Material supplied section start

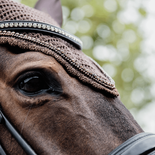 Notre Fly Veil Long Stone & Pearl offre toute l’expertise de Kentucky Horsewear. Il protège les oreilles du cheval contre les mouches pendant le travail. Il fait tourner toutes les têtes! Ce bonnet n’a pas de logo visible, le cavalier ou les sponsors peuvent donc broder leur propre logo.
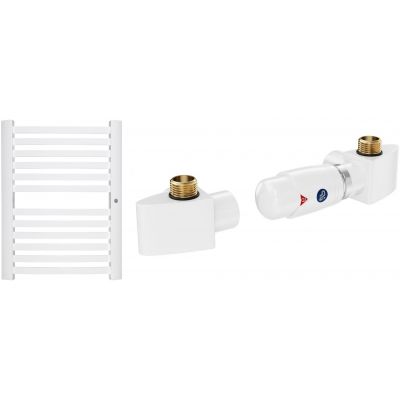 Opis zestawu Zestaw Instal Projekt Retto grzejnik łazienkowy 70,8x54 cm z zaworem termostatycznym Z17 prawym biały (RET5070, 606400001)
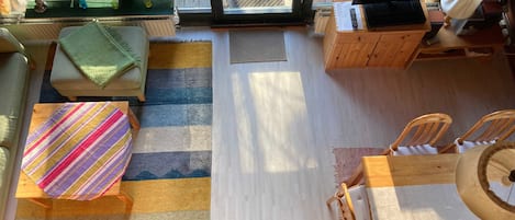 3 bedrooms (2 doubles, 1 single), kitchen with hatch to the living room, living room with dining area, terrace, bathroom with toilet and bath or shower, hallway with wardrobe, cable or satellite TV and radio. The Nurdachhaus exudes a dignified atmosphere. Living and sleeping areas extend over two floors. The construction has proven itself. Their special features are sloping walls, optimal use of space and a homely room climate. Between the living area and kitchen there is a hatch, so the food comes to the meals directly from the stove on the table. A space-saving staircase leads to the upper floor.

Material supplied section end
Material supplied section start

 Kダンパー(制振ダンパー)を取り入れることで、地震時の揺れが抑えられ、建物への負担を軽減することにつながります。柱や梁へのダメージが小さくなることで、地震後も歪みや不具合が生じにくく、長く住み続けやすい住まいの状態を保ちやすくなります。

Material supplied section end

Range to print from the listing above: from the line with "Notre Fly Veil" up to and including the line with "3 bedrooms (2". Please print those lines exactly, with no pictures and nothing more.

 Notre Fly Veil Long Stone & Pearl offre toute l’expertise de Kentucky Horsewear. Il protège les oreilles du cheval contre les mouches pendant le travail. Il fait tourner toutes les têtes! Ce bonnet n’a pas de logo visible, le cavalier ou les sponsors peuvent donc broder leur propre logo.
 Opis zestawu Zestaw Instal Projekt Retto grzejnik łazienkowy 70,8x54 cm z zaworem termostatycznym Z17 prawym biały (RET5070, 606400001)
 3 bedrooms (2 doubles, 1 single), kitchen with hatch to the living room, living room with dining area, terrace, bathroom with toilet and bath or shower, hallway with wardrobe, cable or satellite TV and radio. The Nurdachhaus exudes a dignified atmosphere. Living and sleeping areas extend over two floors. The construction has proven itself. Their special features are sloping walls, optimal use of space and a homely room climate. Between the living area and kitchen there is a hatch, so the food comes to the meals directly from the stove on the table. A space-saving staircase leads to the upper floor.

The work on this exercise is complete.